NZAC
- Abbreviation: NZAC
- Nickname: Alpine Club
- Formation: 1891 (135 years ago)
- Founded at: Christchurch, New Zealand
- Legal status: Incorporated society
- Region served: New Zealand
- Members: 4,400 (2021)
- Affiliations: International Climbing and Mountaineering Federation (UIAA);
- Website: alpineclub.org.nz

= New Zealand Alpine Club =

New Zealand national climbing organisation

The New Zealand Alpine Club (NZAC), is a national climbing organisation in New Zealand. It was founded 1891 and is one of the oldest alpine clubs in the world. NZAC was one of many founding members of International Climbing and Mountaineering Federation (UIAA), and still an active member. As of 2021, NZAC has over 4,000 members who are spread across twelve main sections, eleven in New Zealand and one in Australia, plus members in other countries. It runs a national office based in Christchurch.

==History==
The NZAC was founded on 28 July 1891 at Warner's Commercial Hotel in Christchurch, New Zealand. Leonard Harper (Christchurch) was voted as the inaugural chairman in absentia. Harper had left for England on 25 July, and while away, it was discovered that he had embezzled money; hence he did not return. Frederick Hutton (Christchurch), Edward Sealy (Timaru), Malcolm Ross (Dunedin), and John Holland Baker (Wellington) were the inaugural vice-presidents. Arthur Paul Harper, Leonard Harper's son, was the inaugural secretary and treasurer.

==Overview==
The club actively promotes climbing in New Zealand and overseas. It publishes guidebooks to New Zealand mountains and to selected rock climbing areas, and also makes this information accessible online. It publishes a quarterly magazine The Climber (which is also online), and the annual New Zealand Alpine Journal. NZAC owns 17 lodges and huts that are available for use by club members and other climbers. Most sections provide instruction courses for beginning climbers and the club also provides instruction for intermediate and advanced skills. NZAC sponsors the annual national bouldering series held during the summer at four locations, as well as other local and national competitive climbing events.

== Mountaineering ==
The visibility of mountaineering in New Zealand was boosted by the 1953 ascent of Mount Everest by Sir Edmund Hillary and Tenzing Norgay. Hillary is amongst the best known and most revered New Zealanders and was a life member of the NZAC. Other NZAC members have completed first ascents in many mountain areas, including in the Himalayas, Antarctica and the Andes.

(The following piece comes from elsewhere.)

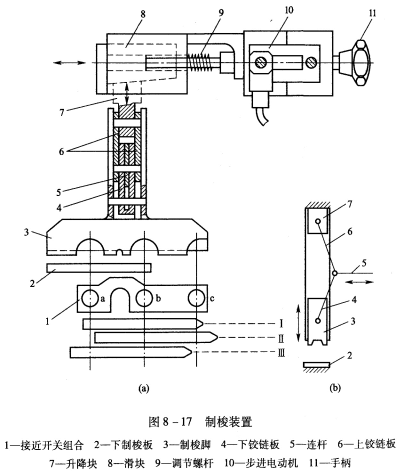 (3)當(dāng)片梭被制停在位置Ⅲ,接近開關(guān)c不發(fā)出信號,說明制梭力偏大,計算機(jī)自動記錄制梭力偏大的次數(shù),如果27次引緯中有20次制梭力偏大,則每27次引緯后步進(jìn)電動機(jī)反向轉(zhuǎn)動一步,使制梭腳上升一定距離,經(jīng)幾次調(diào)整直至片梭被制停到位置Ⅱ,然后,再自動調(diào)整到位置I。這樣的調(diào)整方式有助于消除機(jī)構(gòu)間隙對制梭的影響。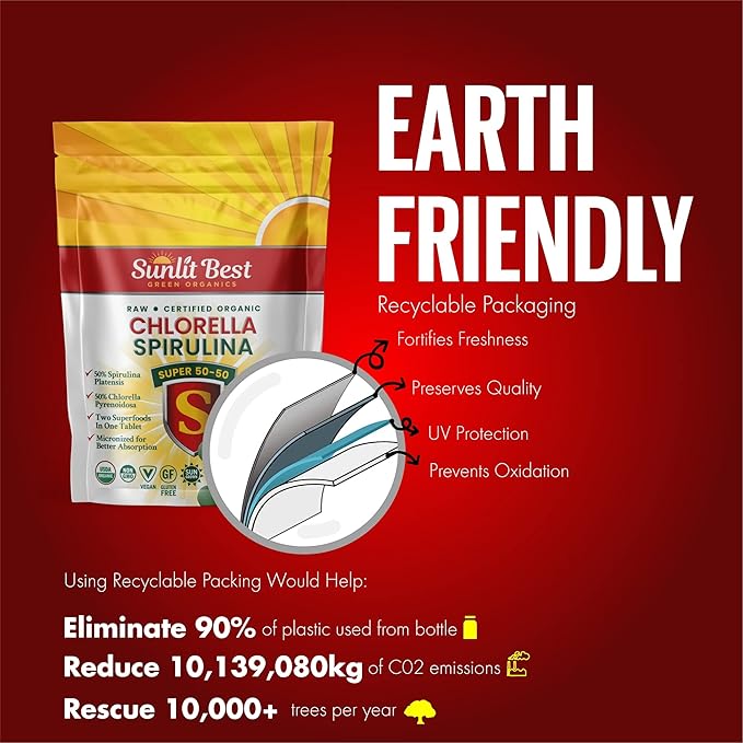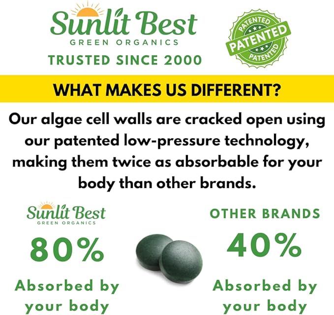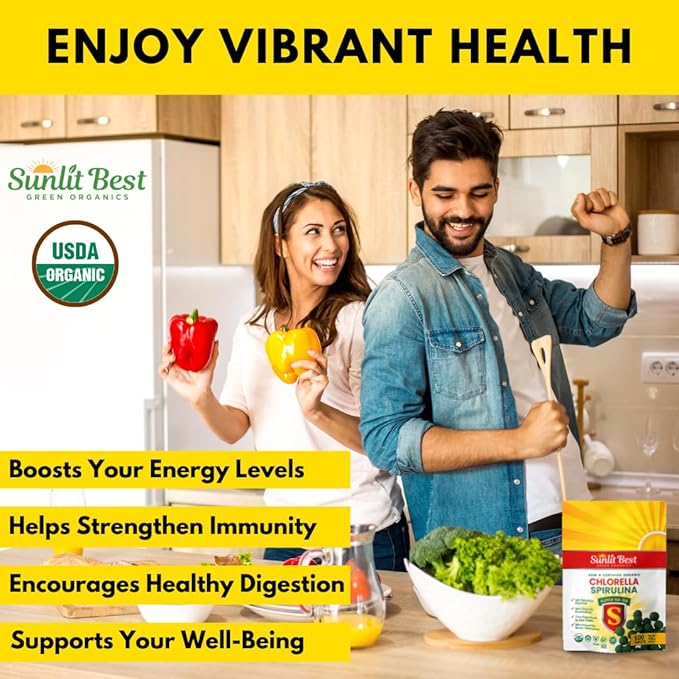 - Nourishes Your Body For Optimal Health: Our Organic Chlorella Spirulina Super 50/50 superfood greens supplements (50% Chlorella & 50% Spirulina) nourish your cells to help boost energy levels, support a strong immune system, nourish your body, cell damage, and help digestion and gut health. Sunlit Best Organic Burst Chlorella Spirulina tablets are an integral part of your body cleanse, natural beauty regime & overall vibrant lifestyle.

New Zealand is a very mountainous country, and mountaineering has long been popular in New Zealand. The mountaineering opportunities focus particularly on the Southern Alps which run the length of the South Island, but also include other ranges such as the Kaikōuras, Arrowsmiths and the North Island volcanoes Mount Taranaki and Mounts Ruapehu, Ngauruhoe and Tongariro.

== Rock climbing ==
Rock climbing attracts many participants in New Zealand and the varied topography and rock types provide opportunities for rock climbing within some cities such as Auckland, Christchurch and Dunedin, and within an hours drive of most cities in New Zealand. Ice climbing, bouldering, sport climbing and trad climbing are all well established.